Capability Is the Rarer System.
If leadership is the scarce judgment, capability is the scarce system — and the two are so often confused they are worth separating cleanly. Intelligence solves a problem once. Capability is the organization’s ability to produce that outcome again, and again, reliably, after the brilliant individual has moved on. A model can be intelligent on Tuesday and unavailable on Wednesday; capability is what survives the calendar.
This is why the familiar complaint is slightly wrong. Organizations do not, in the end, need better AI. They need better capability systems — the architecture, memory, governance, and coordination that turn occasional intelligence into repeatable outcomes. Intelligence is becoming abundant and cheap. Capability remains rare and expensive, because capability is organizational, not cognitive.
Seen whole, the stack has a top — and the top is human.
Three Moves for Builders.
You do not need a research lab to apply this. You need one system you are responsible for — human, digital, or both.
Name the problem before the tooling
Resist starting with the model or the prompt. State the handful of problems the system exists to solve, and who owns each. Most “AI” failures are specification failures wearing a technical costume.

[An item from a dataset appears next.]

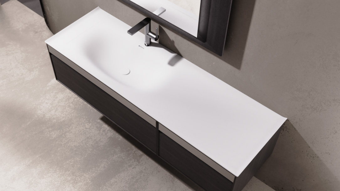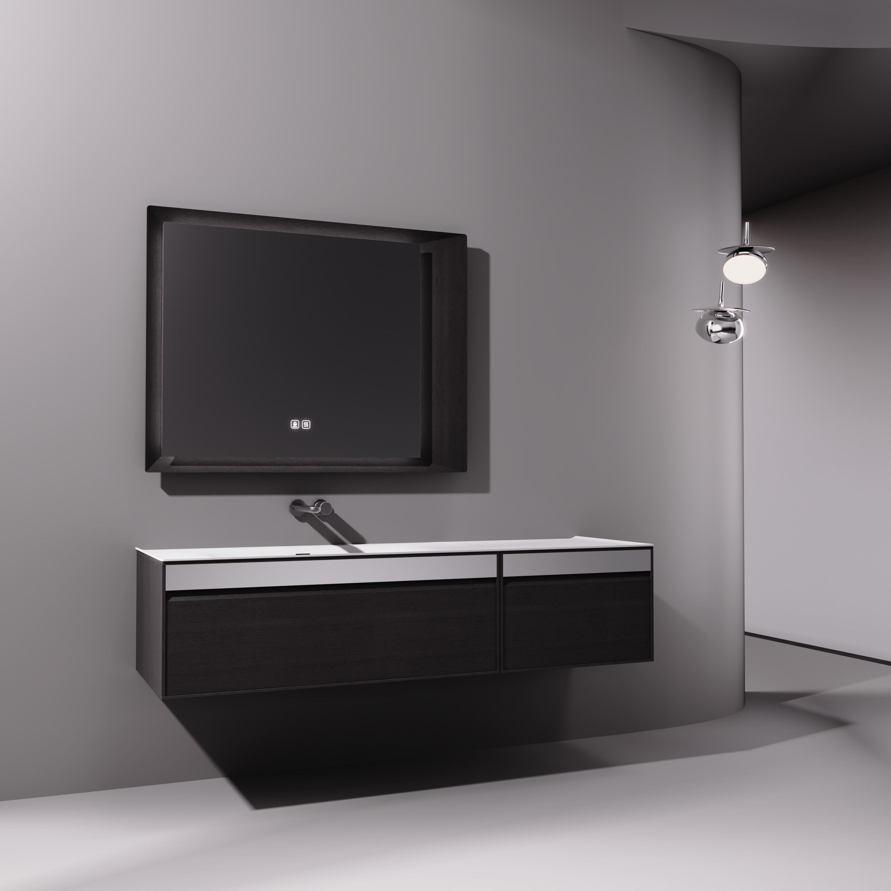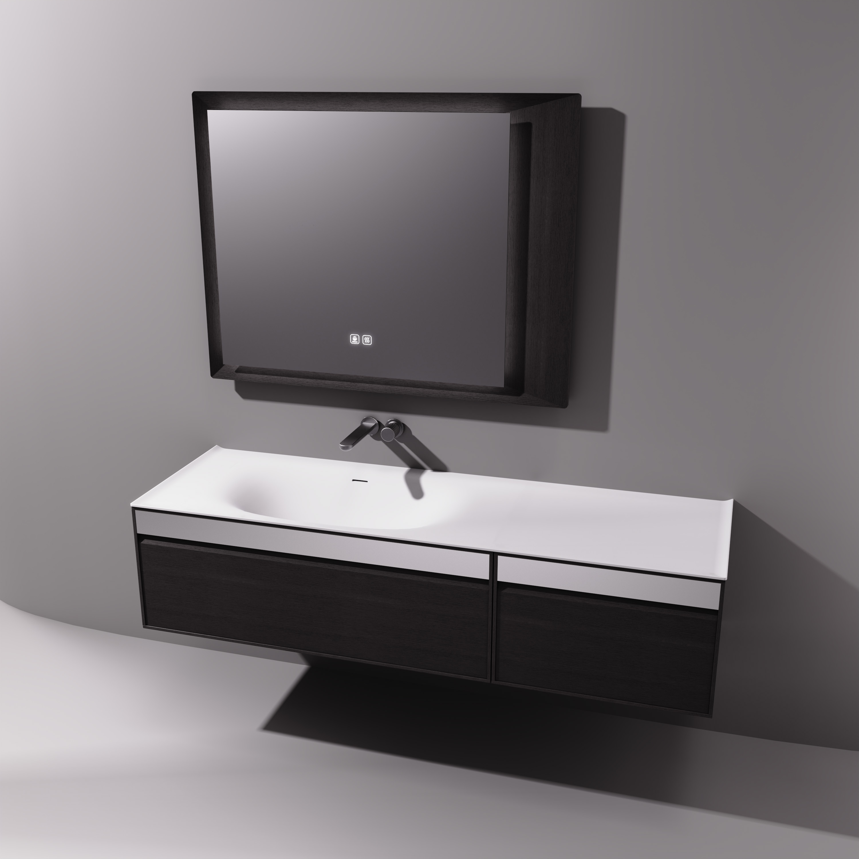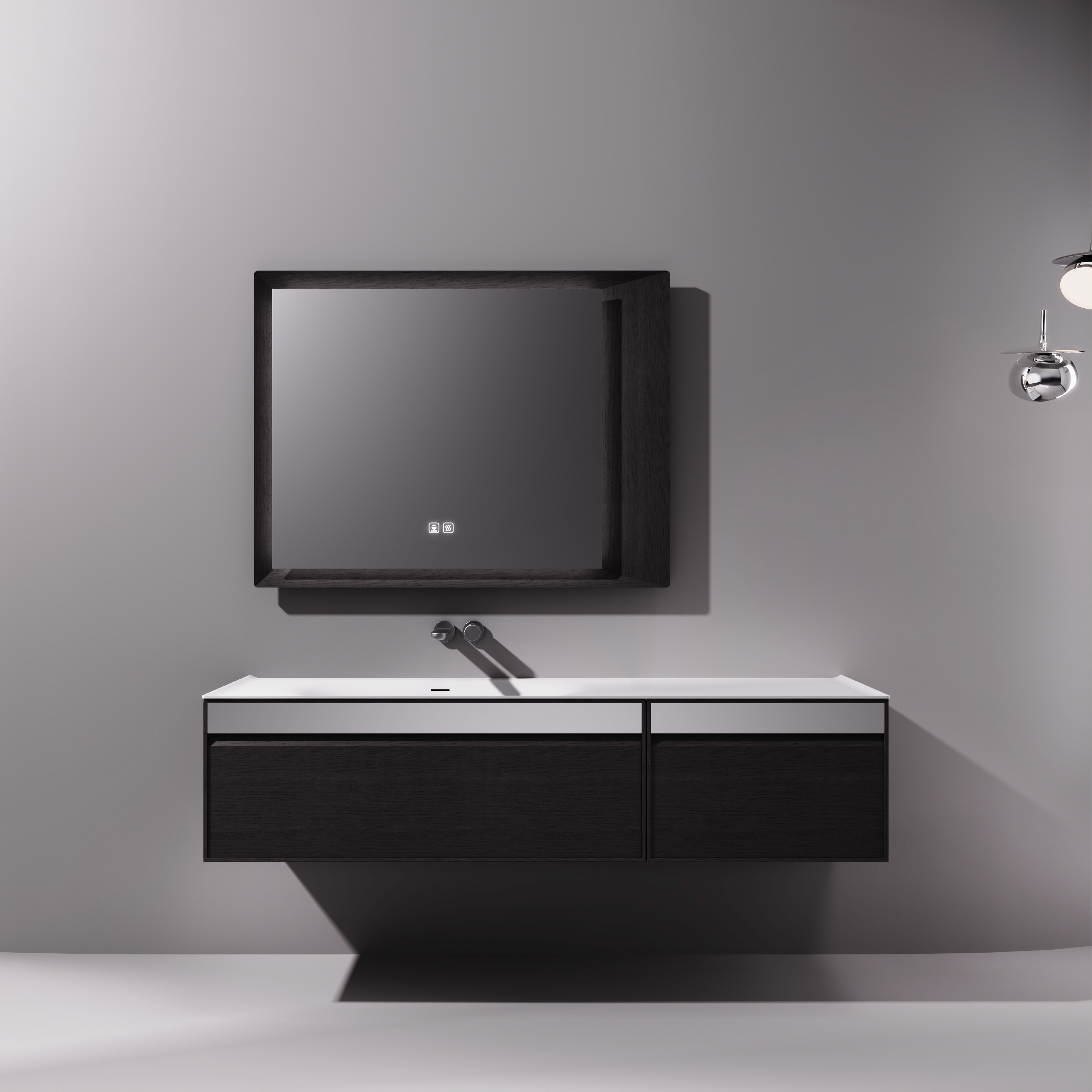 材質:白色奇美石一體盆/炭黑榆木/智能藝術鏡
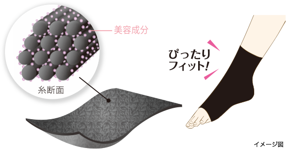 さらに、弱酸性の美容成分をお肌に届けるため、身体にしっかりフィットするように設計しています。ここにも繊維メーカーのノウハウが生かされており、パフォーマンスウェアを活用して、生地が肌に密着する、美容パックのようなフィット感を実現しました。

Design the runtime, not just the request
Decide deliberately what standing context surrounds the work: the memory it inherits, the governance it obeys, the tools it may reach for, and where a human stays in the loop. That assembly is the organization.
Instrument for capability
Trace it, so you can see how outcomes are produced — not just whether they appear. An outcome you can observe and repeat is capability. One you can’t is a lucky Tuesday.
The Next Decade.
We have spent recent years building better minds. The next decade will be spent building better organizations for those minds to inhabit — and clearer leadership to aim them. That shift is already visible in the only place that matters: in what the best teams argue about when their systems fail.
There is a personal version of this shift, too, and it may be the truer one. Months ago, the question on my desk was how to write a better prompt (prompt engineering). It has quietly become a question entirely different.
Engineering → Context
Engineering → Organization
Engineering
That is not a change of tooling. It is a change of altitude — from wording a request, to assembling the context around it, to designing the whole organization that decides what context to assemble in the first place.
Intelligence does not create organization. Organization creates usable intelligence.
The Industrial Revolution optimized machines.
The Information Age optimized computers.
The AI Age will optimize organizations of intelligence.
The organizations that outperform in the AI era will not necessarily possess the smartest models. They will possess the clearest leadership and the deepest capability. Leaders define the problems. Architects design the cognitive organization. The runtime assembles the knowledge, tools, and oversight. Intelligent agents execute within it. In fact, organizations are becoming cognitive systems.
Cognition — “Don’t Build Multi-Agents” (2025).
Berkeley — study cataloguing multi-agent system failure modes (MAST, 2025).
Practitioner observation — LangChain Deep Agents middleware and LangSmith tracing (2025).
It was never an engineering challenge. It was a leadership challenge.
AI will increasingly solve the problems we define. Our advantage will lie in defining the problems worth solving — and in building the organizations, human and digital, that can solve them again and again.